The ModPipe configuration file¶
The configuration file, specified by the --conf_file
command line
argument to many ModPipe programs, provides file locations, such as the
location of the template sequence and profile files, and the location of
ModPipe output files. The configuration file also provides a number of run
parameters, such as whether template sequences will be clustered before
building models. The variables in the configuration file are
described here.
Environment variables can be used in the configuration file using familiar
Unix syntax - e.g. $FOO
is replaced with the value of the environment
variable FOO
.
See also Databases used by ModPipe for information on the databases pointed to by this file, and information on setting up these databases to run ModPipe if you are not in the Sali lab.

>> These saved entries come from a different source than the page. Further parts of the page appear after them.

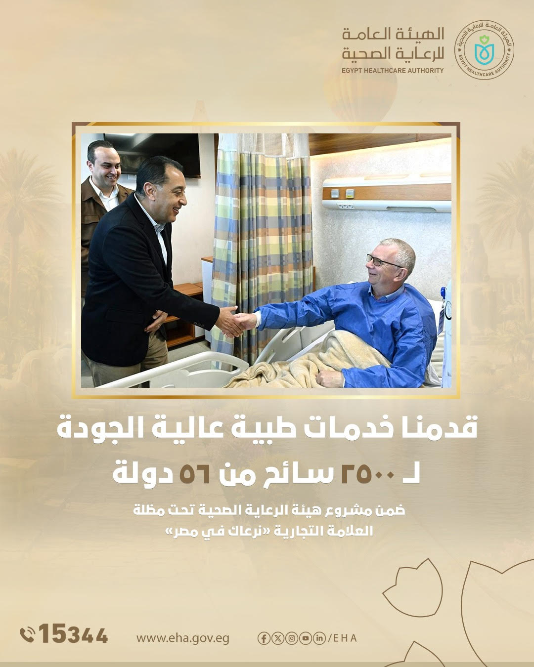 كما أبرز الإنفوجراف دور الهيئة في دعم السياحة العلاجية، حيث تم تقديم خدمات طبية عالية الجودة لـ 2500 سائح من 56 دولة تحت مظلة العلامة التجارية «نرعاك في مصر»، فضلًا عن الدور المحوري لـ مجمع الأقصر الطبي الدولي باعتباره أيقونة الرعاية الصحية في الصعيد، بعد تقديمه 1.6 مليون خدمة طبية، وإجراء أكثر من 34 ألف عملية جراحية داخل 11 غرفة عمليات مجهزة بأحدث التقنيات.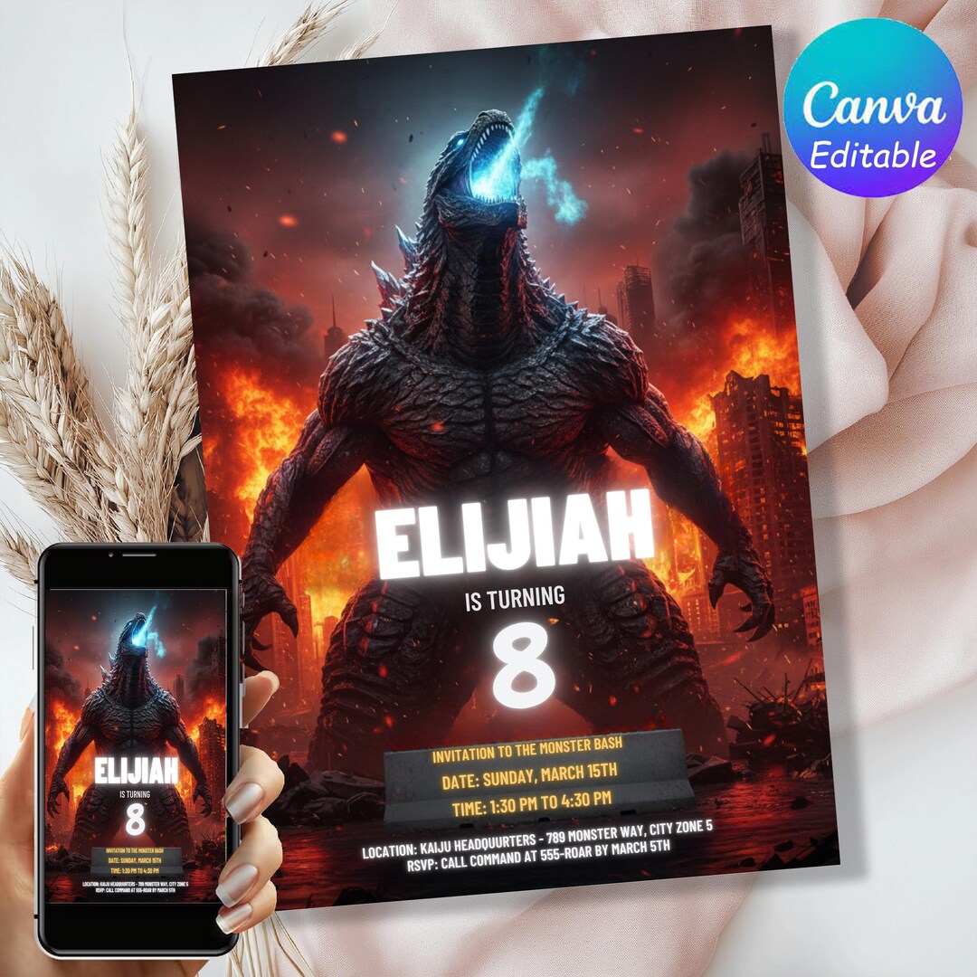 EDITABLE Godzilla Birthday Party Invite, Godzilla Invitation, Birthday ...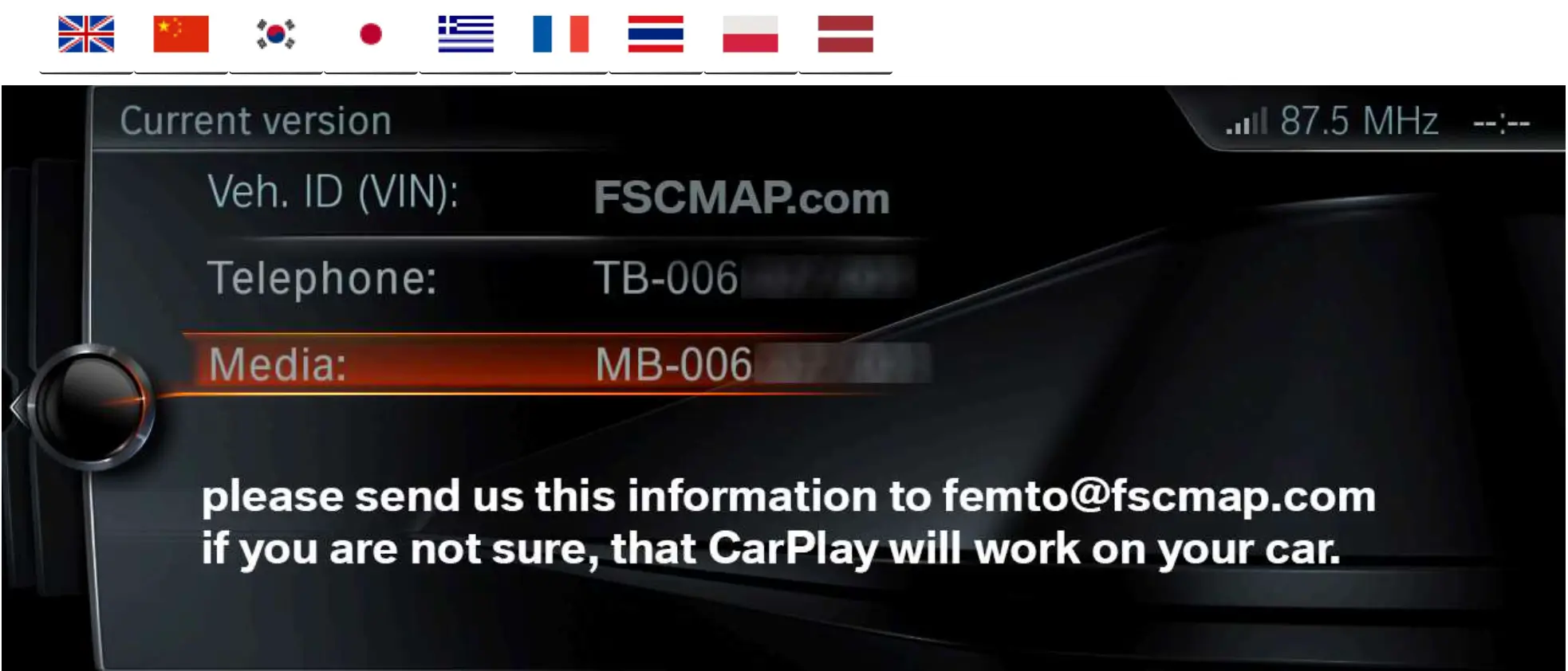 - Head unit type (NBT EVO vs MGU) and installed firmware level (I-level).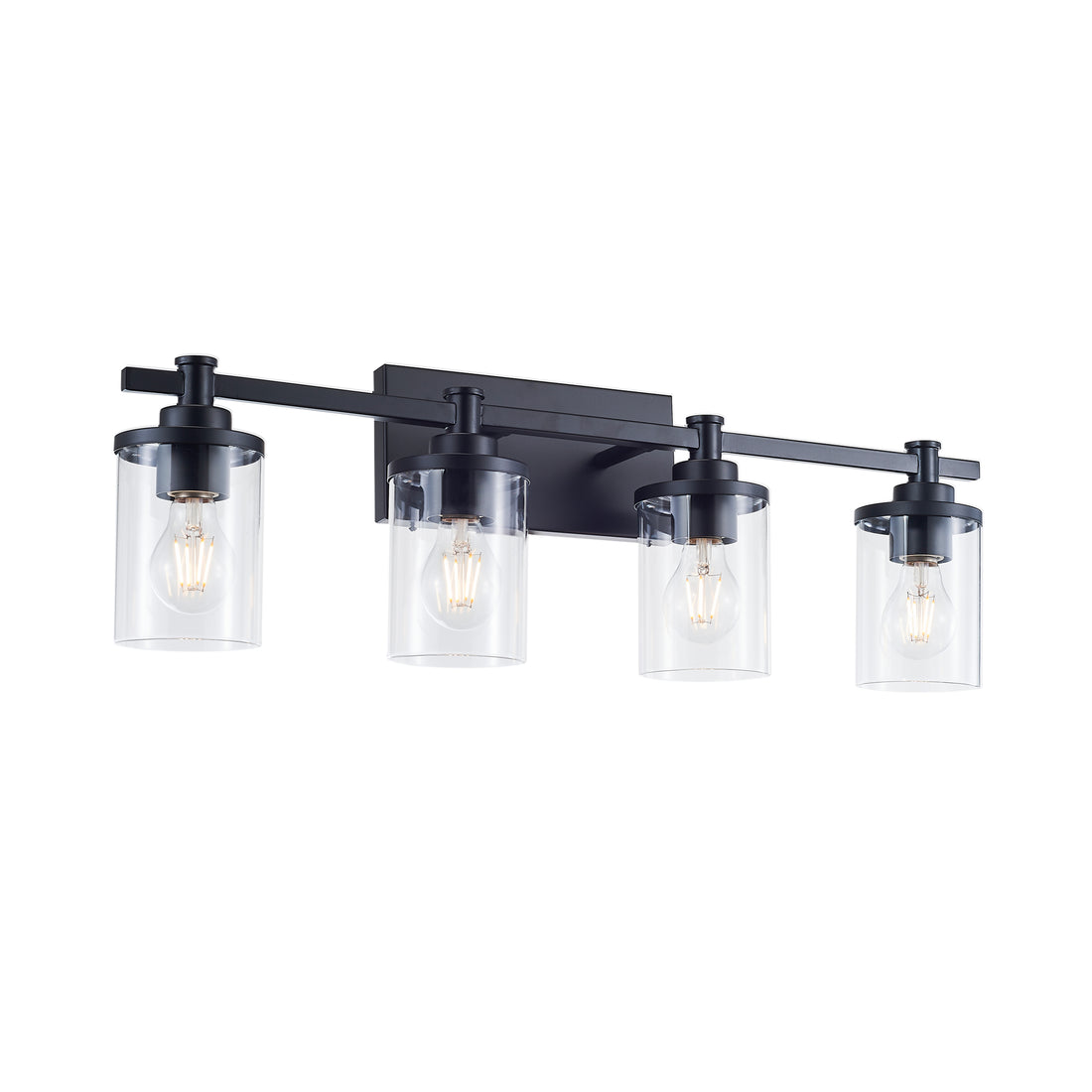 4 Light E26 Bulb Vanity Lights,Matte Black Bathroom Vanity Light Fixtures With Clear Glass, Wall Lamp For Bathroom, Living Room, Mirror, Bedroom,Hallway Matte Black Modern Glass,Iron

See also a sample configuration file.
TMPDIR
ModPipe will create a new directory here for every sequence it processes and will use this as scratch space for all calculations. This directory should be local to the machine running ModPipe in order to reduce network traffic.
DATDIR
This is the base directory in which the ModPipe filesystem will be created.
TEMPLATESEQDB
The name of the file of template sequences to use in searches for matches. Unless you have some special need and know what you are doing you should use a binary (HDF5) database file; for example,
/netapp/sali/ModPipe/database/PDB95/db/pdb_95.hdf5
.XPRF_LIST
Name of file containing list of template profile (
.prf
) files – one for each template in theTEMPLATESEQDB
database file.XPRF_PSSMDB
Name of the file containing position-specific scoring matrix data for each template sequence.
PDB_REPOSITORY
The name of the directory containing PDB files.
NRSEQDB
The name of the file of non-redundant sequences to use for construction of profiles by Modeller’s
Profile.build()
. Unless you have some special need and know what you are doing you should use a binary (HDF5) database file; for example,/netapp/database/uniprot/sequences/uniprot90.hdf5
.NCBISEQDB
The name of the file of non-redundant sequences to use for construction of profiles by PSI-BLAST.
NRDBTAG
A short-name for the non-redundant sequence database that ModPipe will use as part of the name of profile files (multiple sequence alignments) constructed using that database. Usually it will be
uniprot90
.PRFUPDATE
If this flag is set to ON, irrespective of the existence of a profile for the target sequence, a new profile will be calculated. If
PRFUPDATE
is set to OFF, it will calculate a new target-sequence profile only if one does not already exist.NUMMODELS
Number of models to calculate for each alignment.
CLUSTERALI
When using multiple fold assignment methods, since they are used independently they will typically find a number of templates in common. By setting this variable to ON, redundant and highly similar hits in the alignment of all templates found will be removed.